Your objective: From the first line of the entries below through the line holding "The exhibit shows", write out every line exactly, please, and leave out the pictures.

Material shown:
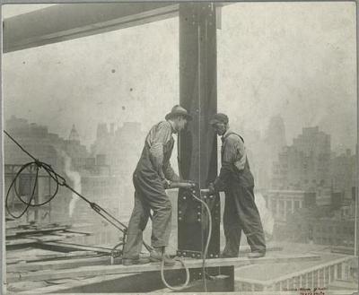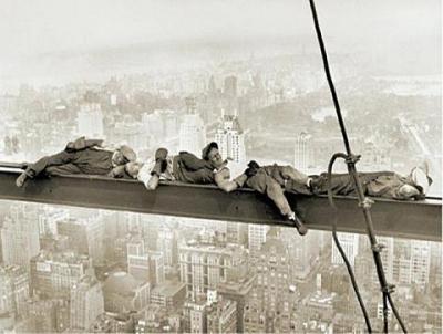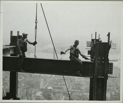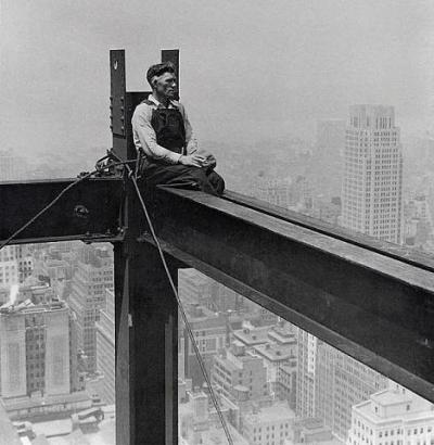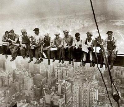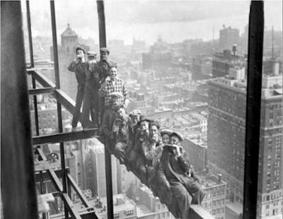 বিংশ শতাব্দীর শুরুতে নিউইয়র্ক শহরে নির্মানাধীন গগনচুম্বী অট্টালিকার নির্মানশ্রমিকদের ছবি
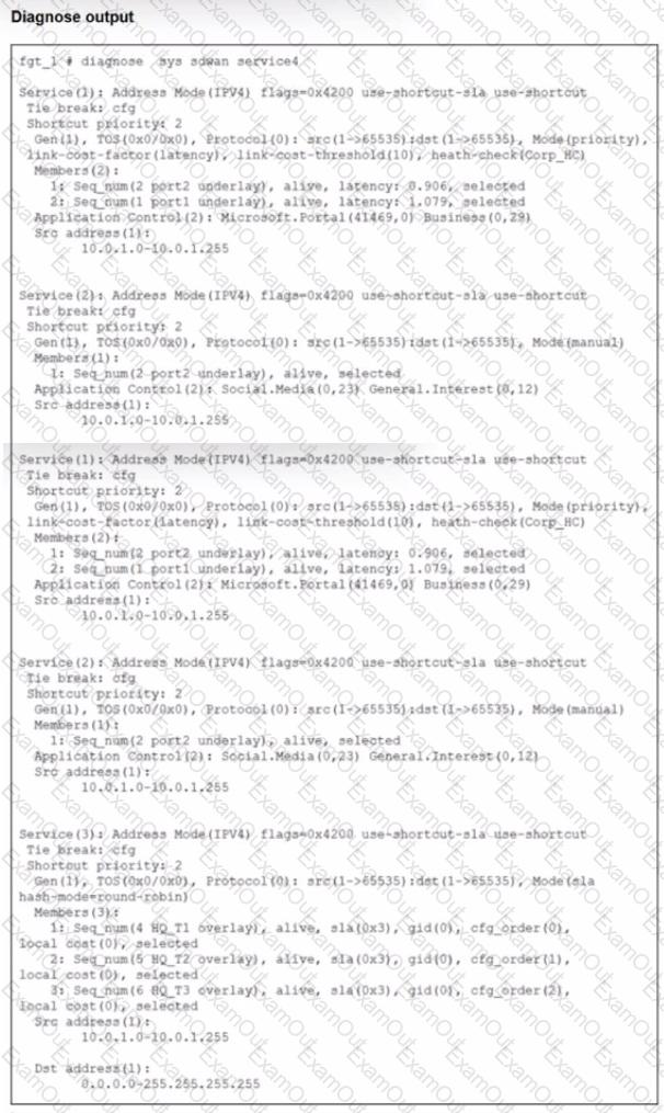 The exhibit shows output of the command diagnose sys adwan aervice4 collected on a FortiGate device.
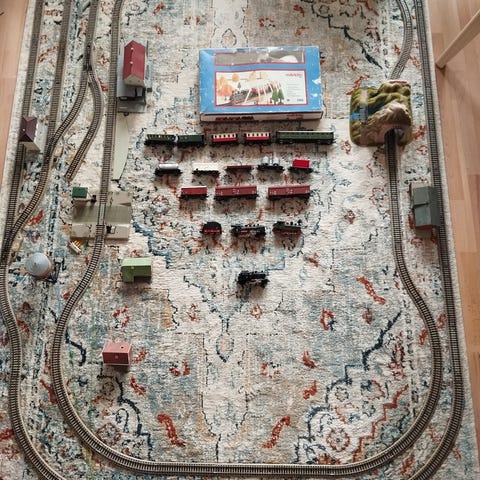 10 digitala lok,många godsvagnar,3 sovvagnar,22 el- växlar,ca 50 meter C-rälså,digital transformator, en vit trafo till växlar
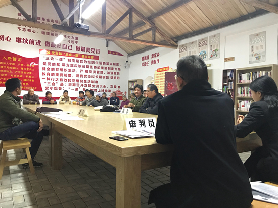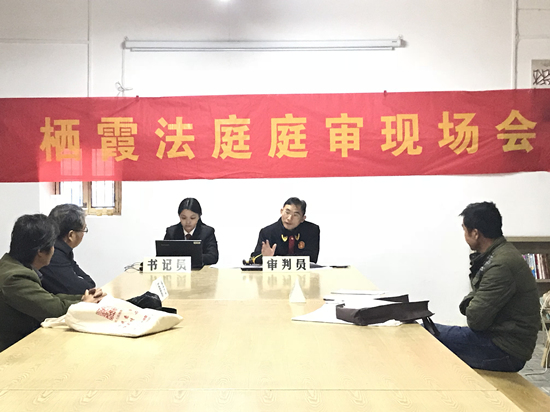 11月16日下午,栖霞法院栖霞法庭庭长许庆林来到西岗街道陈岗村陈岗学堂,就两户农民承包土地而引发的四起纠纷进行了公开开庭审理。
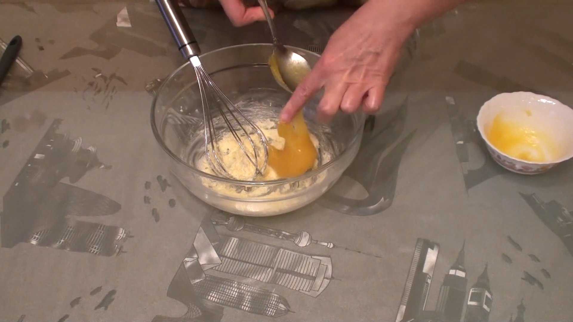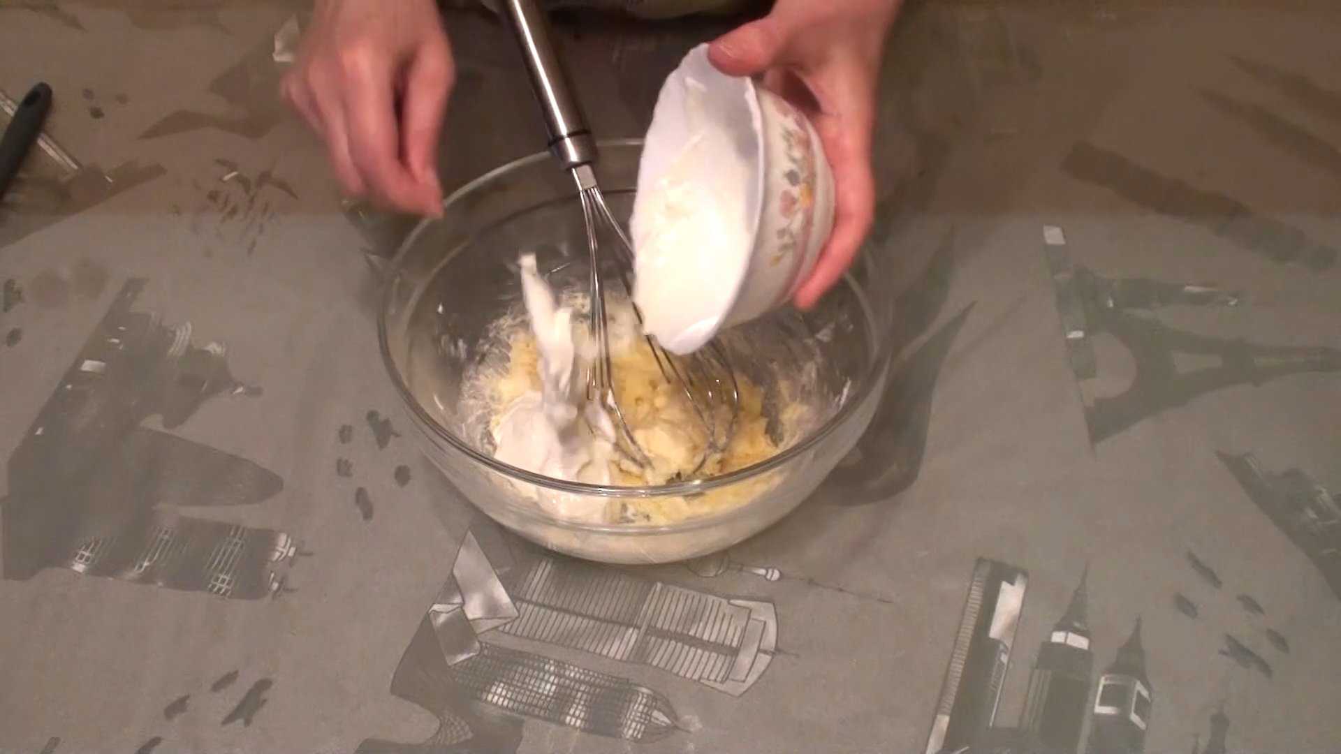 - Растереть масло с сахаром, ввести яйца, разрыхлитель и муку, замешивая мягкое тесто.
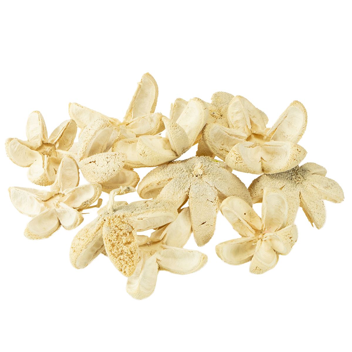 Den blekede Bullet Flower kommer i en pose som inneholder 12 stk. Som et naturprodukt har hver tørket frukt forskjellige størrelser. Frukten kan være mellom 3 og 6 centimeter lang og ha en diameter på omtrent 3,5 til omtrent 7 centimeter.

Answer section:
 বিংশ শতাব্দীর শুরুতে নিউইয়র্ক শহরে নির্মানাধীন গগনচুম্বী অট্টালিকার নির্মানশ্রমিকদের ছবি
 The exhibit shows output of the command diagnose sys adwan aervice4 collected on a FortiGate device.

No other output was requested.